YOUR INSTRUCTIONS » Only one span of the material below is wanted. Output it exactly, from the line with "本設備是按照國家電力行業(y" through the line with "Papelería / Material", without any pictures.
DATASET CONTENT: Begin
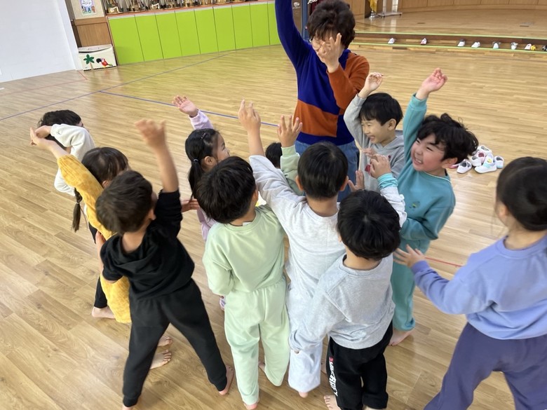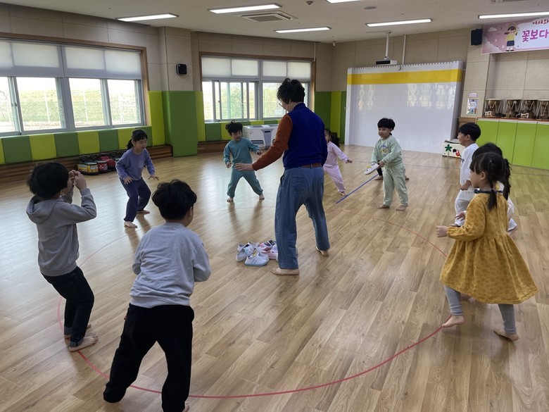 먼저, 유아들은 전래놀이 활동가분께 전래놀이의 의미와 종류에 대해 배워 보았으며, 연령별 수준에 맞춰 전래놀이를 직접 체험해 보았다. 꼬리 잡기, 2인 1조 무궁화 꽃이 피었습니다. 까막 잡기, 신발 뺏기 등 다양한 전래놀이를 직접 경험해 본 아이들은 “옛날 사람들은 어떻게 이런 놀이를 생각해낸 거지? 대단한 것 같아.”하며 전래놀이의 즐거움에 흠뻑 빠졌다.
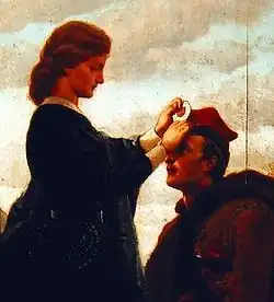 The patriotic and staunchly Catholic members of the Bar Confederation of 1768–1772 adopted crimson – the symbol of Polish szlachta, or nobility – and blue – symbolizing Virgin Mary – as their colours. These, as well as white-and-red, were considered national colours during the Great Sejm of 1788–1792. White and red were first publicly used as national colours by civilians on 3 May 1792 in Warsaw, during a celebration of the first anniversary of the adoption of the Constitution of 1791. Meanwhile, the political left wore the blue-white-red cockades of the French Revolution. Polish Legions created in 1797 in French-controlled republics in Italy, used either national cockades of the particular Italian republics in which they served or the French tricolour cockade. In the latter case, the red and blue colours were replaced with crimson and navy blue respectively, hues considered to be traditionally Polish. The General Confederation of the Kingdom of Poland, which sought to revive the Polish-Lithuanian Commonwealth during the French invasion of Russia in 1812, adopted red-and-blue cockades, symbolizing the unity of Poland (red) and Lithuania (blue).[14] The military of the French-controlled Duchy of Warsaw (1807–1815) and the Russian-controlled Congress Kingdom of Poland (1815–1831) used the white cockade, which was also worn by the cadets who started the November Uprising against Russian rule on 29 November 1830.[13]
DATASET CONTENT: End
DATASET CONTENT: Begin
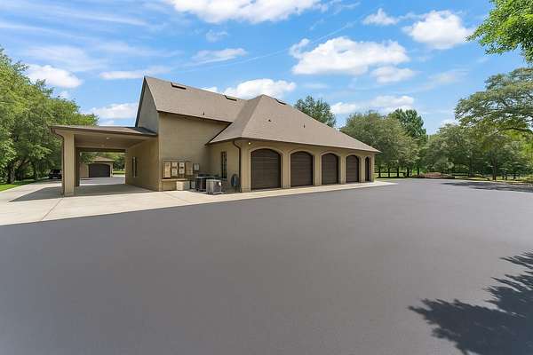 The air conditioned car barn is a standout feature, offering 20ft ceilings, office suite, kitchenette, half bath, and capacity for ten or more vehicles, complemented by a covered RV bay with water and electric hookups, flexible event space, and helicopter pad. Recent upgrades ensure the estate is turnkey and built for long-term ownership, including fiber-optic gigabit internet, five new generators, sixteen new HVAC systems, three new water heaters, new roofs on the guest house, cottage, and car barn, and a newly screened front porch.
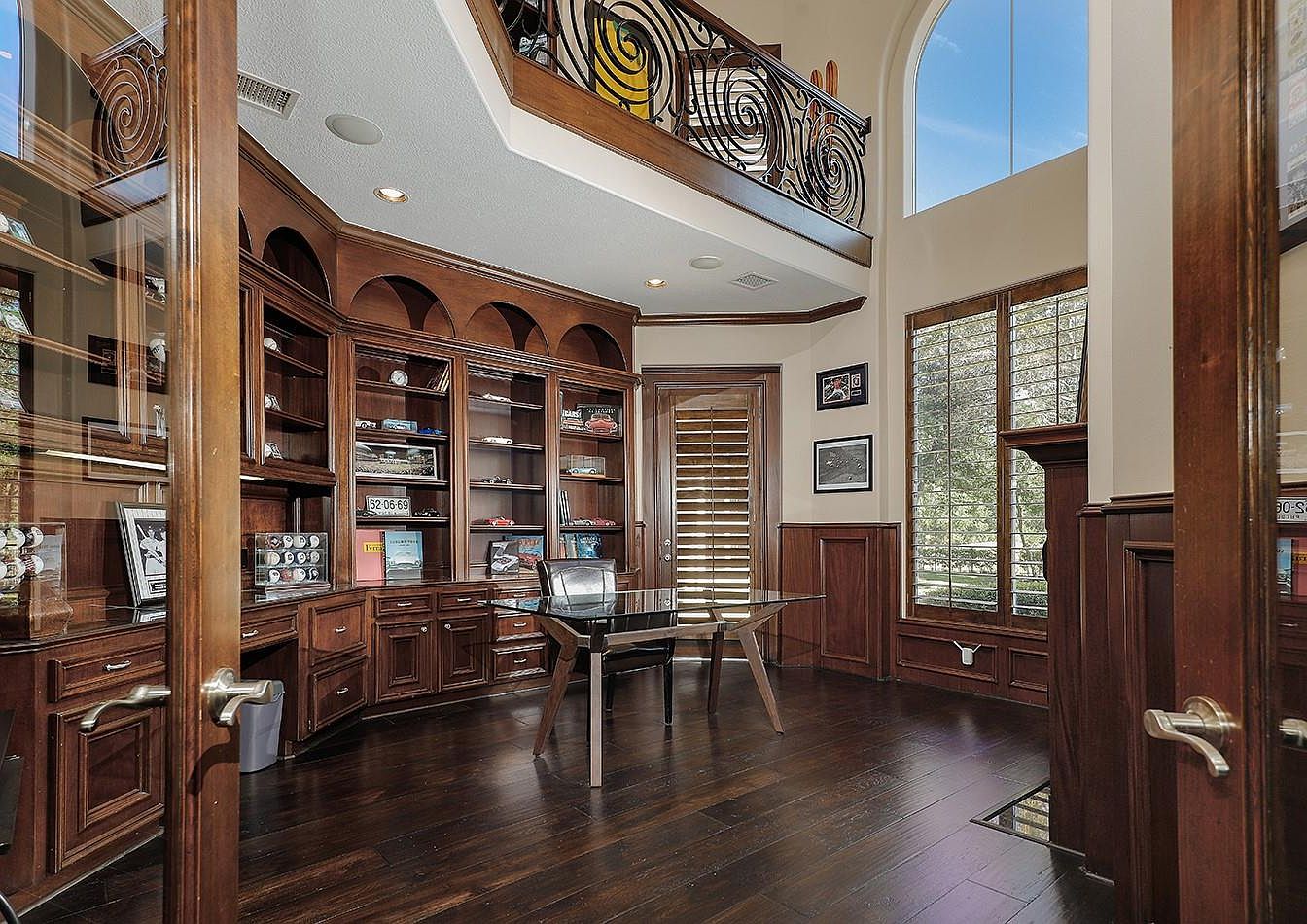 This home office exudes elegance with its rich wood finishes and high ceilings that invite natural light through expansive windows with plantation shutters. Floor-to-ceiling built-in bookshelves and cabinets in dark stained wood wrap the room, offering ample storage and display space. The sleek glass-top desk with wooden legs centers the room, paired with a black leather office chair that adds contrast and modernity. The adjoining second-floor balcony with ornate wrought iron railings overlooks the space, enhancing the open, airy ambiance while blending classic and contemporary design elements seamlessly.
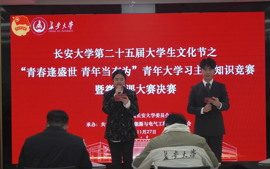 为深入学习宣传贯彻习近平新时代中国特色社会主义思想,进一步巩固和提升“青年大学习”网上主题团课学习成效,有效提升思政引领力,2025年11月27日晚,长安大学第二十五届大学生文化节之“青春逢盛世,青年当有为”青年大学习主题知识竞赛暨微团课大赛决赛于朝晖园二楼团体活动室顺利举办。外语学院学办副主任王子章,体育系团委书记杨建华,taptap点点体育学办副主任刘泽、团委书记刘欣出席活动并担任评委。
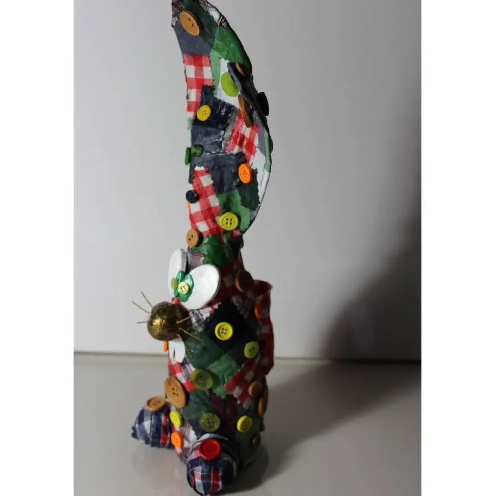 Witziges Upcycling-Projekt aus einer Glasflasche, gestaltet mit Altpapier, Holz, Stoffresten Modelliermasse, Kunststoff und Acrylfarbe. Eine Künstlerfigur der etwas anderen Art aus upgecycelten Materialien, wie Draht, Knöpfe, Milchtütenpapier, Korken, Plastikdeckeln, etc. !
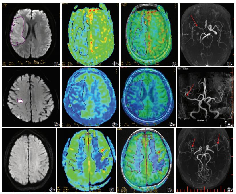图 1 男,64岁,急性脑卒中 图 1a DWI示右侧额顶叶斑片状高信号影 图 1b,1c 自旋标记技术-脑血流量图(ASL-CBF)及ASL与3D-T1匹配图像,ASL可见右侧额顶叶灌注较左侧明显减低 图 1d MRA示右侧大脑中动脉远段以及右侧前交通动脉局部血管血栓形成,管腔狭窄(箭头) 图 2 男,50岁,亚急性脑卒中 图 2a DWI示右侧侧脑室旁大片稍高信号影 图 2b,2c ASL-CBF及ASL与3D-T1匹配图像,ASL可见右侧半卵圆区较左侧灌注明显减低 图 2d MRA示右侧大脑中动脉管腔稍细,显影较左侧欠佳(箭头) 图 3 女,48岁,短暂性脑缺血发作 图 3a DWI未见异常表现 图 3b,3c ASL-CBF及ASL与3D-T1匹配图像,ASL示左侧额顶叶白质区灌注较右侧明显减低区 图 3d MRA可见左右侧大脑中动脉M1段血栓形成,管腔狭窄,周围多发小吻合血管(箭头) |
DATASET CONTENT: End
DATASET CONTENT: Begin
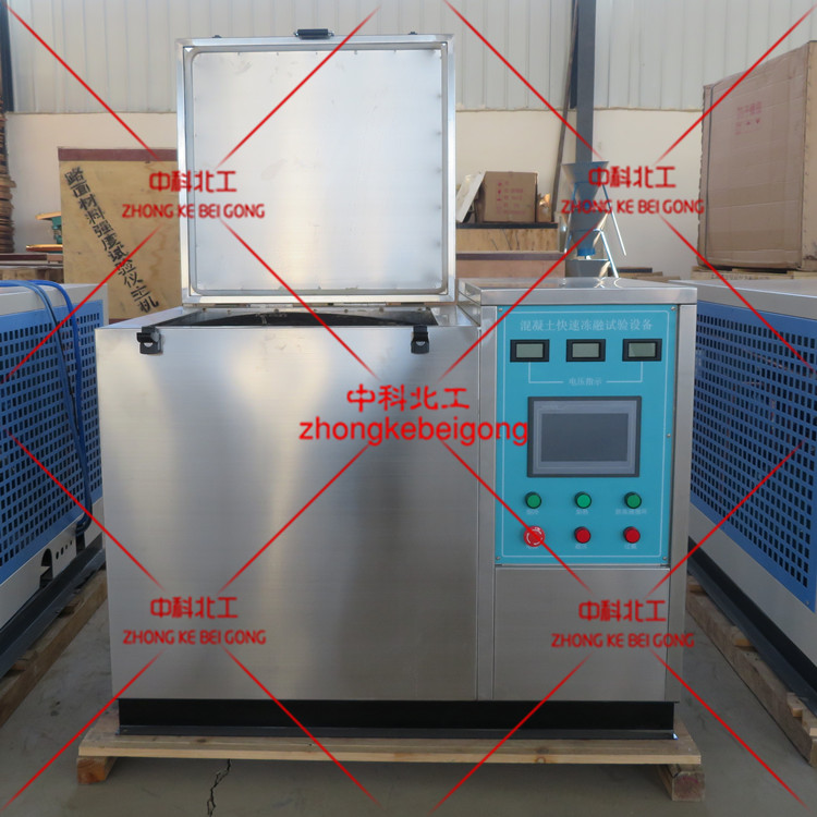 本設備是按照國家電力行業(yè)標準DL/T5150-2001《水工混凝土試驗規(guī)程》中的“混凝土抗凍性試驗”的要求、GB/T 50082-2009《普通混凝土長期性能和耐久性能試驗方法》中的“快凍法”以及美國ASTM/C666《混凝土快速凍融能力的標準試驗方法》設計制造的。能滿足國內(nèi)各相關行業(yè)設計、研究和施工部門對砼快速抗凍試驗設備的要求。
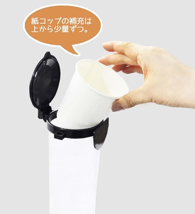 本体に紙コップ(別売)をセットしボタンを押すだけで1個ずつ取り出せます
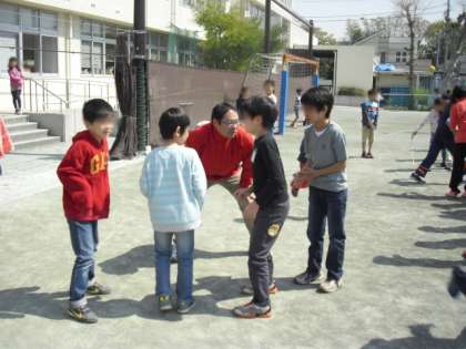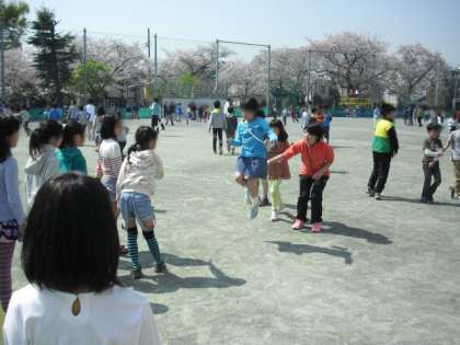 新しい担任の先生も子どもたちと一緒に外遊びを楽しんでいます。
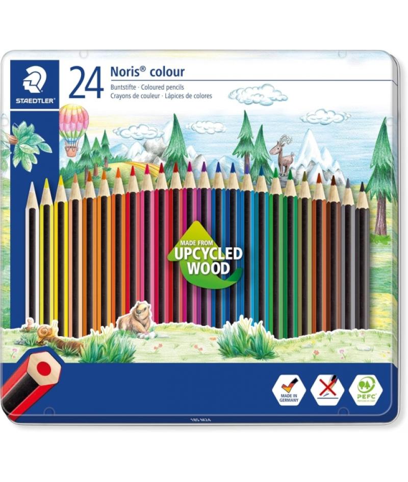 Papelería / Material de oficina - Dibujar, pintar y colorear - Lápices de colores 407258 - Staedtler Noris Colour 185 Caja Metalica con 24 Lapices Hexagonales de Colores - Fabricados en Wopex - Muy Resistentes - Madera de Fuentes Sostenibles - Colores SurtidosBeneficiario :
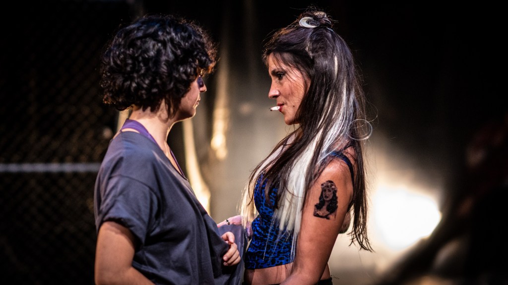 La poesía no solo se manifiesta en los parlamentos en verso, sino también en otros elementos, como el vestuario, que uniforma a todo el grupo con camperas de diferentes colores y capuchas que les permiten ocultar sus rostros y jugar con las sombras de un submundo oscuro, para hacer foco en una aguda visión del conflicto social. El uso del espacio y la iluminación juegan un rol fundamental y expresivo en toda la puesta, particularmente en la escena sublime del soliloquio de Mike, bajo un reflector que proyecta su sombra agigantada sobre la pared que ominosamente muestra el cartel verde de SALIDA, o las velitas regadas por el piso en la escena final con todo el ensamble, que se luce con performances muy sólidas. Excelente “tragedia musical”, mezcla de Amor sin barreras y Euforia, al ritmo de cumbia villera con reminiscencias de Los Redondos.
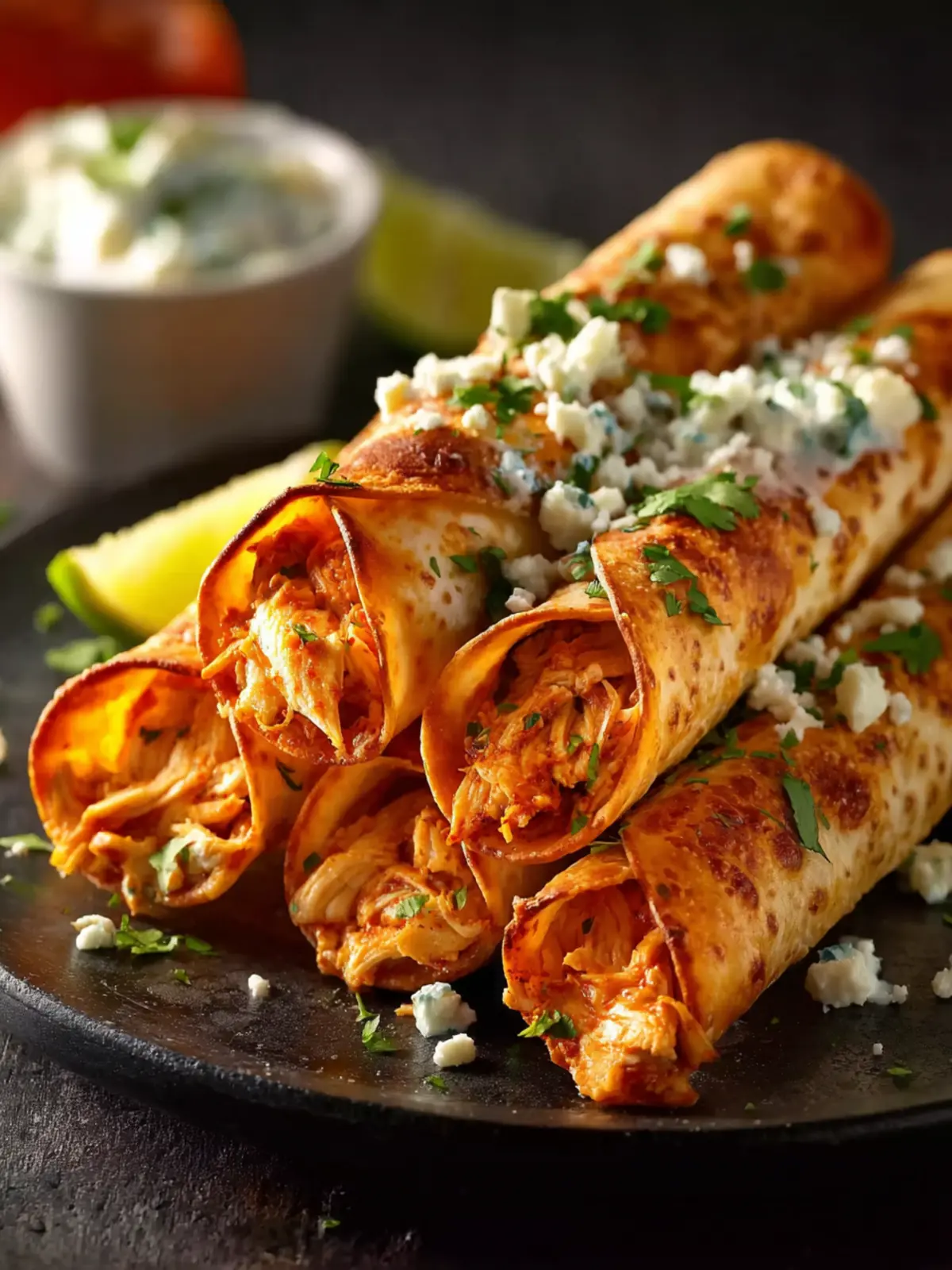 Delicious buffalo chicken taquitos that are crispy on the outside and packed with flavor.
DATASET CONTENT: End
RESULT OF THE TASK »
 本設備是按照國家電力行業(yè)標準DL/T5150-2001《水工混凝土試驗規(guī)程》中的“混凝土抗凍性試驗”的要求、GB/T 50082-2009《普通混凝土長期性能和耐久性能試驗方法》中的“快凍法”以及美國ASTM/C666《混凝土快速凍融能力的標準試驗方法》設計制造的。能滿足國內(nèi)各相關行業(yè)設計、研究和施工部門對砼快速抗凍試驗設備的要求。
 本体に紙コップ(別売)をセットしボタンを押すだけで1個ずつ取り出せます
 新しい担任の先生も子どもたちと一緒に外遊びを楽しんでいます。
 Papelería / Material de oficina - Dibujar, pintar y colorear - Lápices de colores 407258 - Staedtler Noris Colour 185 Caja Metalica con 24 Lapices Hexagonales de Colores - Fabricados en Wopex - Muy Resistentes - Madera de Fuentes Sostenibles - Colores SurtidosBeneficiario :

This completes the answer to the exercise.